If X is a random variable uniformly distributed over (0,1), and a, b are constants, what can you say about the random variable aX + b? What about X^2?

Homework Equations



For uniformity of notation, let

f(x) = probability density function of x
F(a) = distribution function of x
g(x) = density function of Y = aX + b
G(a) = distr function of Y
h(x) = density function of Z = X^2
H(a) = distr function of Z

The Attempt at a Solution



I came across this problem as I was studying for finals, and wasn't quite sure about the answer. I've been stumped for the past two days, and created an account here out of hopelessness just so I could ask this question (so please help? it's not even for a grade, I promise!). I think the answer is that aX + b is uniform, and that X^2 is not. Here's my attempt at a derivation:

G(Y) = P{Y < y) = P{aX+b < y) = P{X < (y-b)/a} = F((y-b)/a)
Now I differentiate with respect to y:
g(y) = d/dy (G(y)) = d/dy (F((y-b)/a)) = 1/a * f((y-b)/a) by chain rule

Since the integral of the probability density function of anything is 1, I integrated g(y) from x=0 to x=1, i.e. y = -b/a to (1-b)/a after modifying the original (0,1) bounds. At this point, I got confused because I wasn't entirely sure if the bounds are supposed to be changed that way, and I'm not sure whether I should be integrating over x or y. Heck, I have no idea if I'm overthinking the problem in the first place.
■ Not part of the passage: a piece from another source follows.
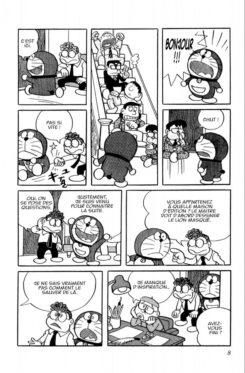 Dans la première histoire, le Lion masqué, le héro de manga préféré de Nobita, est en mauvaise posture ! Quel supplice pour Doraemon et Nobita qui ne peuvent pas se résoudre à patienter jusqu’à la prochaine publication. Doraemon décide de rendre visite à l’auteur de la série. Peine perdue, celui-ci est en panne d’inspiration. Doreamon se rend alors dans le futur pour lire la suite de l’histoire... !! Dans la foulée, nos deux compères testeront, entre autres, le "calendrier modifiable", "l’appareil à mensonges" ou "la machine à échanger les mamans"... autant de catastrophes en perspectives !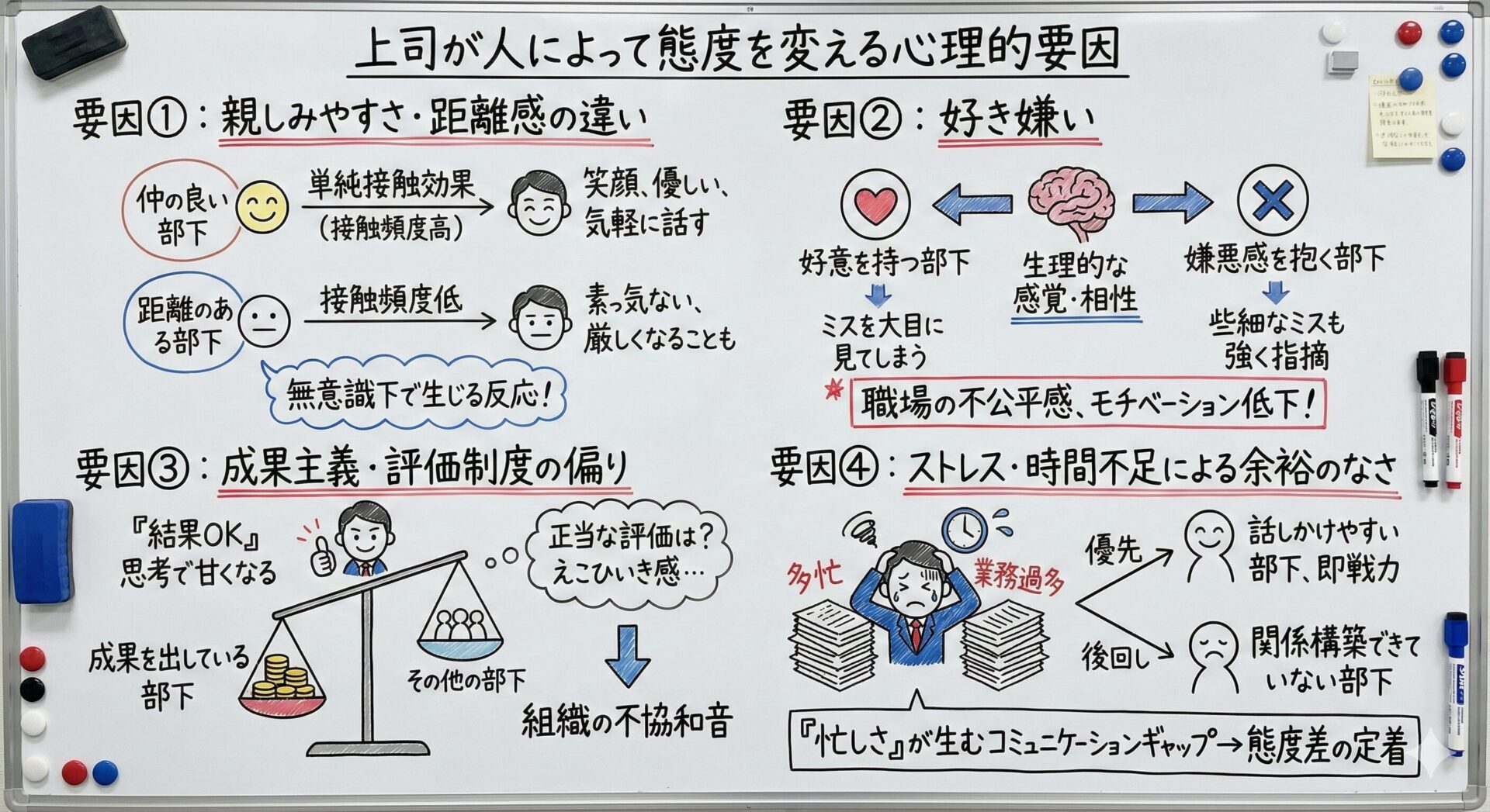 上司が部下によって態度を変えることには、心理的・制度的・環境的にさまざまな要因が絡んでいます。人間である以上、完全な平等を目指すのは現実的に困難な部分があるのも事実ですが、少なくとも「無意識な偏り」や「評価の曖昧さ」から生まれる不公平感は、組織に深刻なダメージを与えます。

Next, I attempted the same thing for X^2 by trying to follow a similar thread: https://www.physicsforums.com/showthread.php?t=398718

Putting the result from that thread into my notation, I think that the distribution and density functions of X^2 would be:
H(x) = 1 - F(-sqrt x) + F(sqrt x) = 1 + F(sqrt x)
h(x) = [1/(2 sqrt x)] * (h(sqrt x))I feel like there's something very simple that I don't understand yet. Please enlighten me!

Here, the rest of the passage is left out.